When left-handed pitcher Josh Rogers took the mound in relief for the Orioles Feb. 28, it marked the first time Rogers had pitched in a competitive game in 614 days. The catalysts for this lengthy gap were two-fold: He had UCL revision surgery in July 2019, and then his return to the mound was slowed due to COVID-19 wiping out the minor-league season in 2020.
Rogers, 26, allowed one run on two hits in his one inning of work against the Pittsburgh Pirates, but nothing could take away from Rogers’ excitement about returning.
“I just wanted to get that first hitter out of the way, honestly,” Rogers said on Glenn Clark Radio March 4. “I wasn’t really nervous or anything like that. I was excited about being back out there and being with the guys … which is my favorite part of the game, being with teammates and being a part of a team.”
Rogers also experienced loss during his strenuous journey of returning to the big leagues. His grandfather, with whom Rogers was extremely close, passed away last July while Rogers was rehabbing.

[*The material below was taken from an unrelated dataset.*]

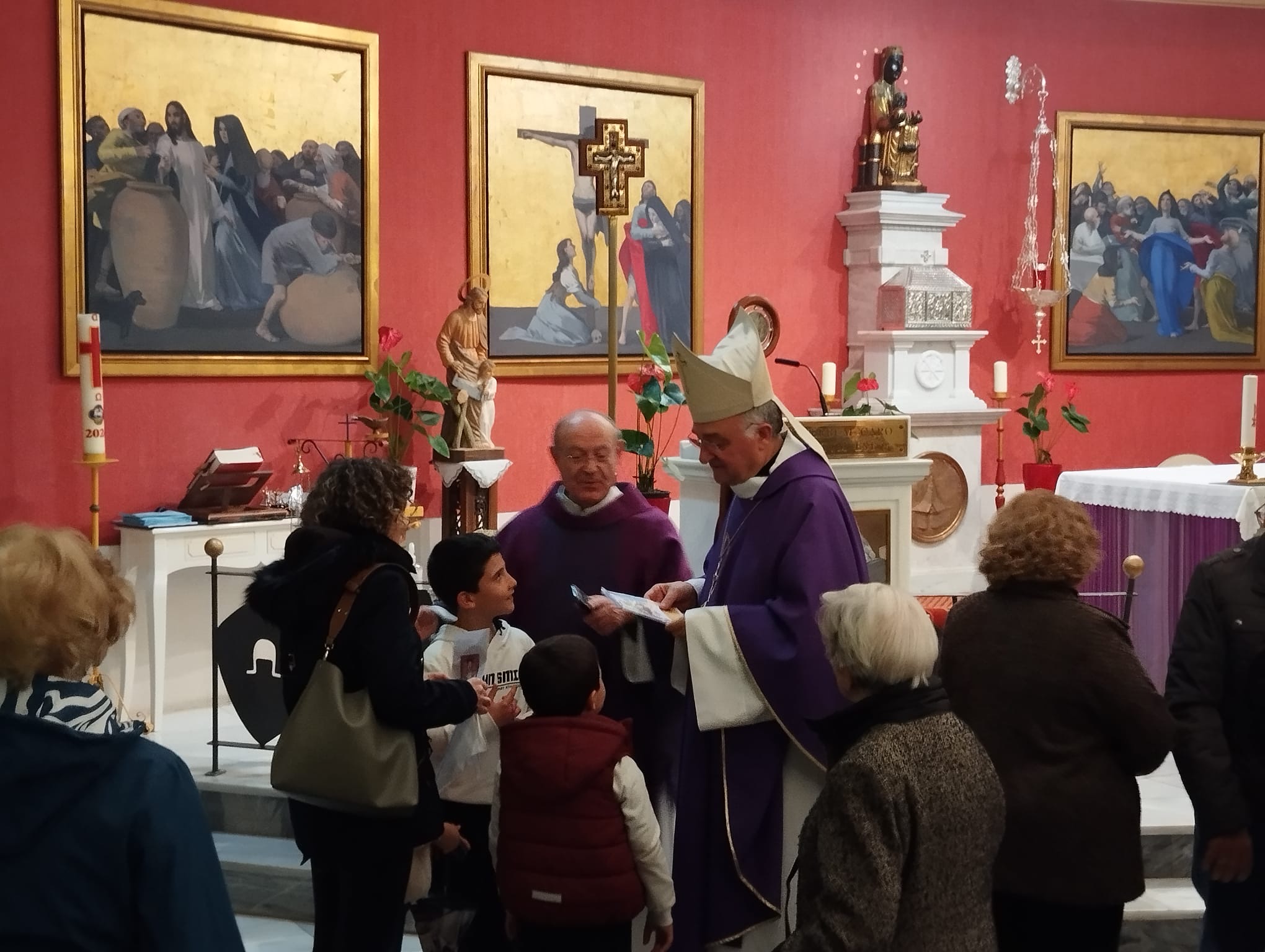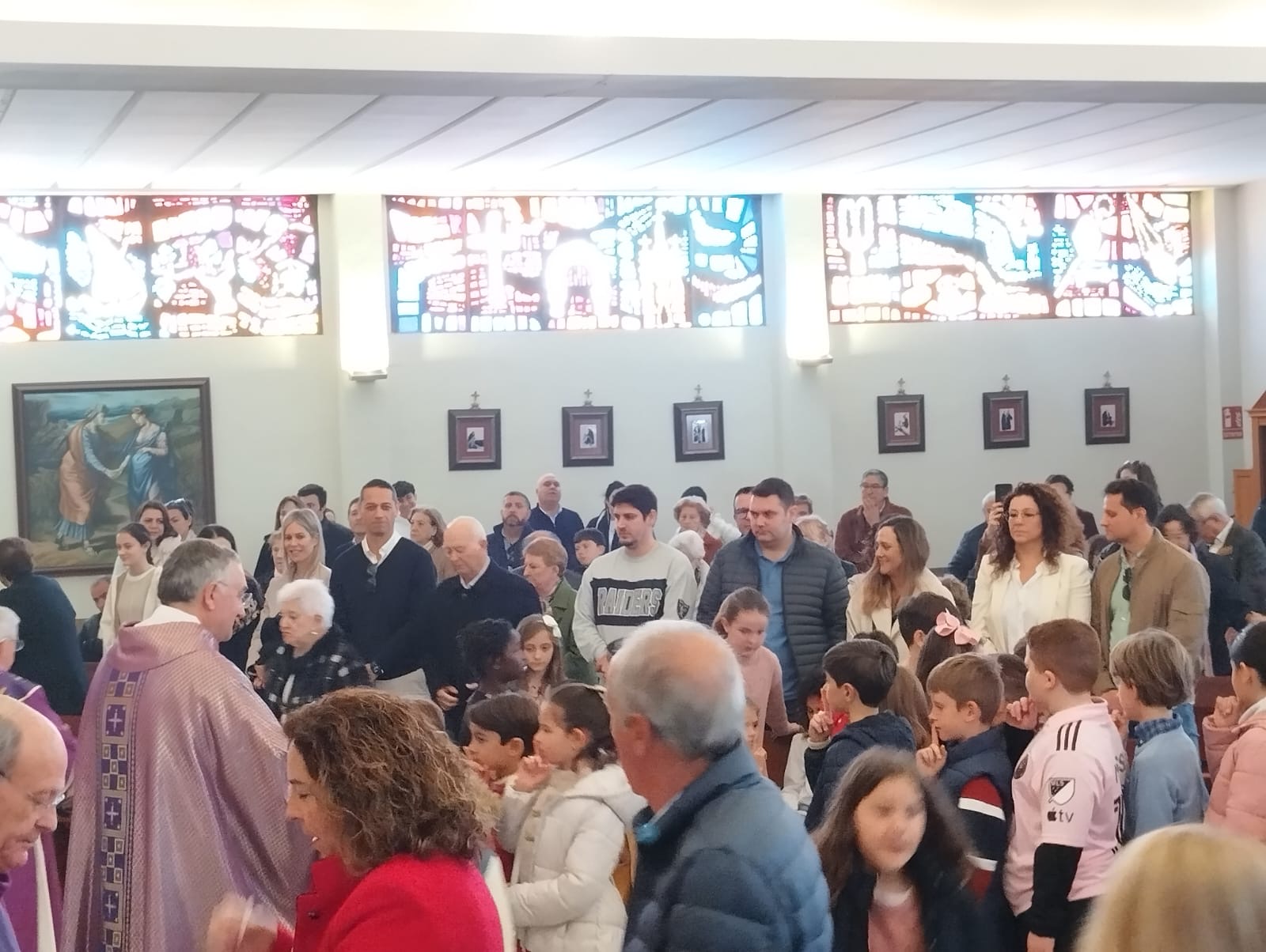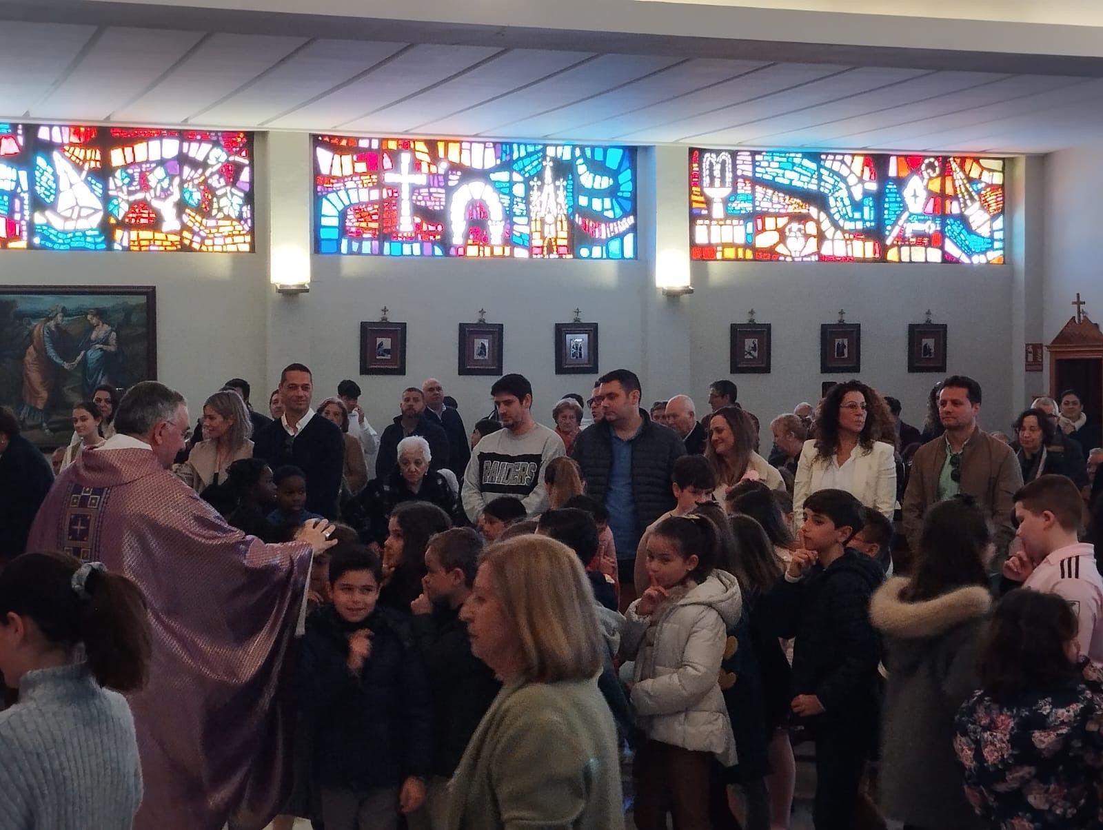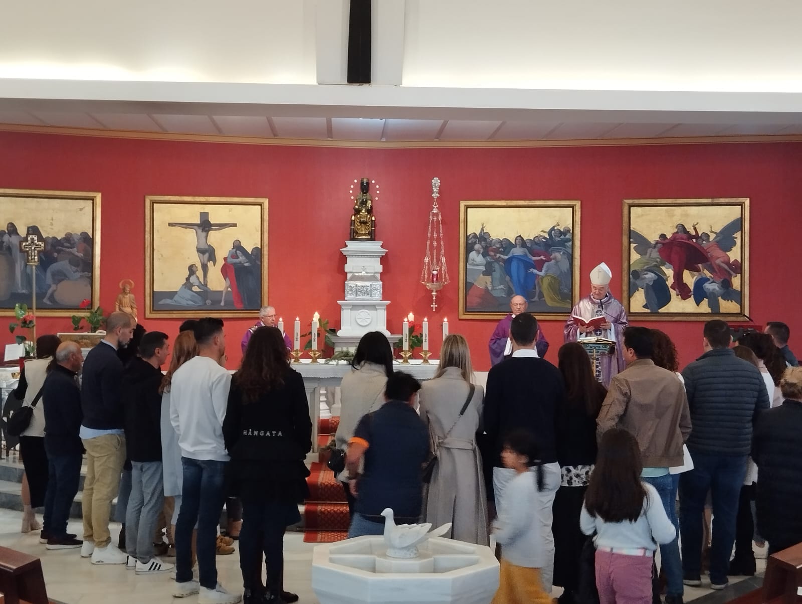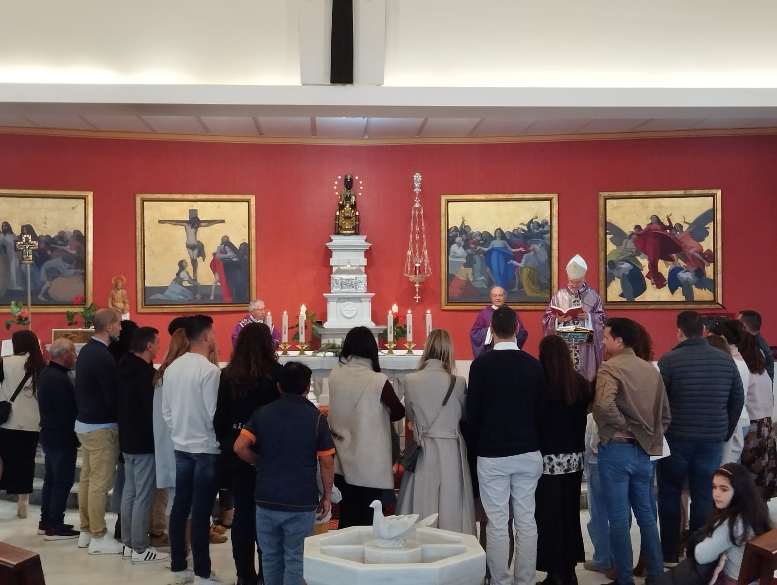El tercer día de la Visita Pastoral, domingo 8 de marzo, giró en torno a la celebración de la misa estacional de clausura en la que doce niños en edad catequética fueron admitidos en la Iglesia para recibir su bautismo en la Pascua. El templo parroquial se quedó sin aforo y la liturgia resultó espléndida junto a la alegría que aportan en las celebraciones la presencia de las familias y los niños. Al finalizar la santa Misa la comunidad rezó la oración por los frutos de la Visita Pastoral.

“I had a lot going on during quarantine,” Rogers said. “I would rehab in the mornings and then spend time with the family in the afternoons. It was kind of a blessing in disguise for me to be able to be home, be around my grandpa and family during those tough times. Quarantine was not fun, but at the same time I got to spend some time with them and really focus on my career.”

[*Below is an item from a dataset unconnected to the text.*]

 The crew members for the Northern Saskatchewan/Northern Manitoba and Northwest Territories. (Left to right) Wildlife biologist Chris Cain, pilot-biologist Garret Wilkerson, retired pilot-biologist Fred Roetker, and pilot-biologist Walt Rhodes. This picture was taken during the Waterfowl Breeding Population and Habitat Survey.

Rogers was not the only Oriole who returned to competition Feb. 28, as first baseman Trey Mancini returned from his well-documented fight against stage 3 colon cancer. Like all the fans in attendance in Sarasota, Fla., Rogers was thrilled to see Mancini back on the field.

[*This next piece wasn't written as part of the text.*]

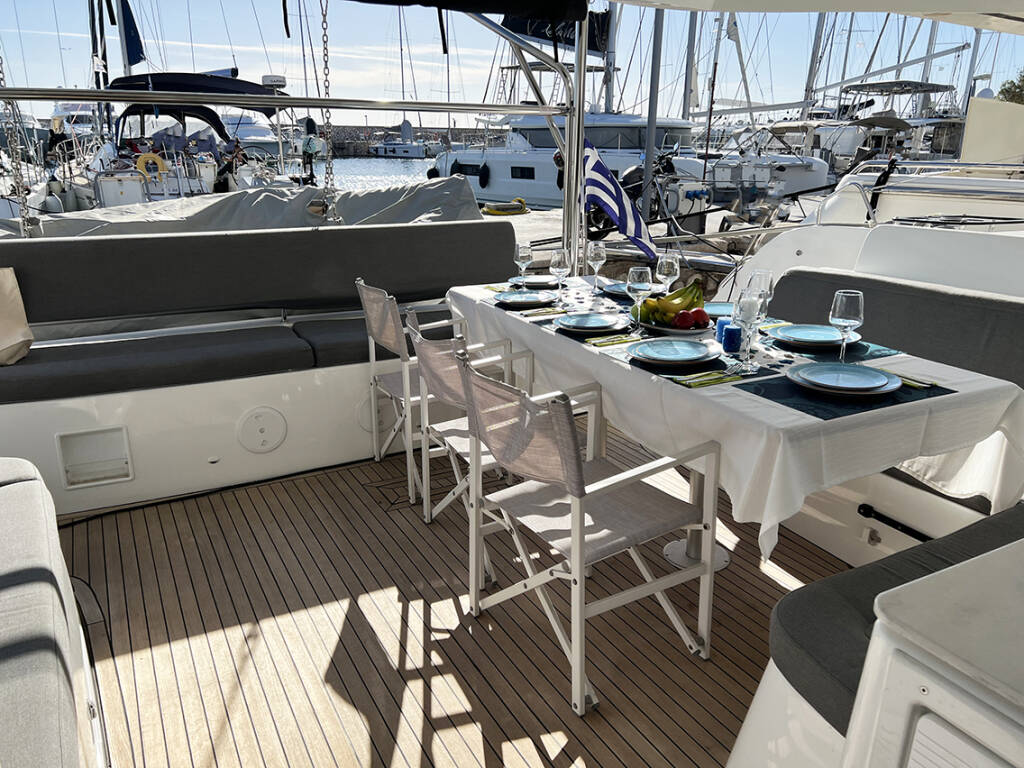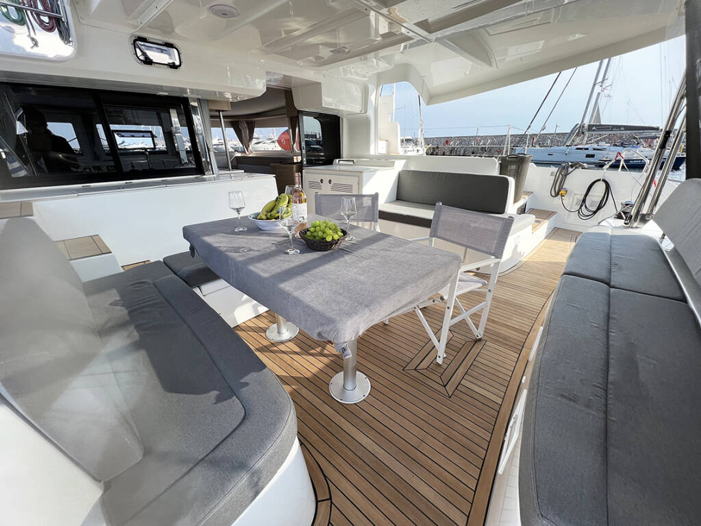 Katamaran Lagoon 46 Moondance, Baujahr 2023, liegt im Athens, Alimos marina, Athens area/Saronic/Peloponese, Griechenland vor Anker. Es verfügt über 4 + 2 Kabinen und bietet Platz für 8 + 2 Personen mit 4 + 2 Toiletten.

“I went up to him before the game and gave him a big hug, like, ‘Bro, I’m so proud of you, I’m so happy for you,'” Rogers said. “I’m sure he had tons and tons of emotion. To see everybody give him an ovation, both sides standing up, I literally had cold chills in the bullpen. … For him to get a hit, that’s just what Trey does.”
“Just to kind of attest to what kind of person Trey is, it was like an hour later. My phone buzzes. He texted me. He’s like, ‘Hey man, I am so sorry, I didn’t even congratulate you. I didn’t even realize you were coming back,” Rogers added. “I was like, ‘Bro, it is OK. This is not about me at all.'”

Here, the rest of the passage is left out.